My father-in-law smokes excessively (you smell like smoke even if he isnt’ there) so we limit our visits to quick ones but they are welcome to visit ANYTIME! My mother-in-law doesn’t smoke and doesn’t like it but still wants our daughter to be there with her. My husband agrees with me but has trouble saying anything to them and if he does he still doesn’t enforce it. We do enforce the issue with everyone else (my family included).I think that it’s wonderful that you refuse to subject your daughter to second-hand smoke. I wish more parents took this action.
Many parents, however, don’t want to "offend" the smoking grandparent. Instead, they choose to endanger their children’s health over social graces.
There are numerous medical studies that prove the dangers of second-hand smoke, and these dangers are much more pronounced in babies, infants, and toddlers, whose lungs have not fully developed. Second hand smoke also affects those with allergies, asthma, and other medical conditions more than those who don’t have these conditions. To a child with one of these medical conditions, being exposed to second-hand smoke can be especially severe.
What I would suggest is that you and your husband finalize whatever rules you may want to have regarding your daughter’s exposure to second-hand smoke, and stick to them - no exceptions. If the rule is that she can’t be in a smoker’s home at all, that’s your rule.
Once you and your husband have agreed upon the rules, tell them to any and all concerned parties (including your in-laws). And then, don’t violate your rules.
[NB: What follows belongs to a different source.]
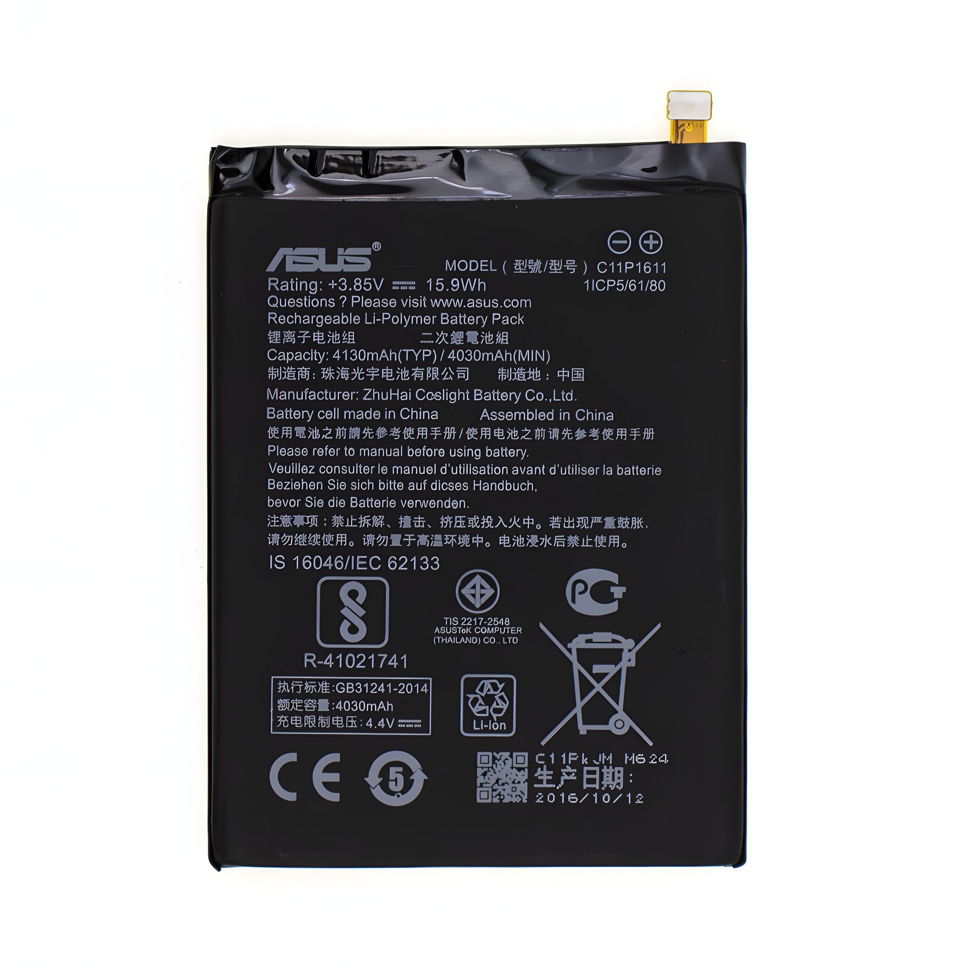 Для моделей Asus: ZenFone 3 Max, ZC520TL Маркировка АКБ: C11P1611
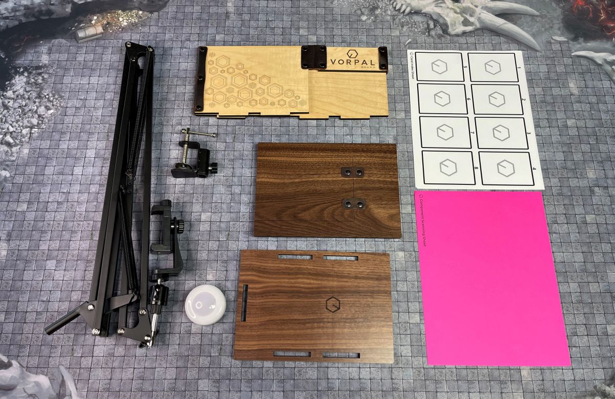 On the hardware end, the full Vorpal Board package consists of a wooden component scanning box, a boom arm to hold your cellphone for livestreaming, a light, a component scanning sheet, and three card index sheets.

When informing others of your rules, please try to not make it confrontational (you might refer to it as "our decision" instead of "rules"). Find common ground - specially the welfare of your daughter. Even most smokers will likely agree that it’s probably not in their granddaughter’s best interest to jeopardize her health by forcing her to be in a place where she would be subjected to second-hand smoke.
If your decision results in the grandmother not being able to have her granddaughter over, than she’ll need to come to your house (or perhaps the house of another relative).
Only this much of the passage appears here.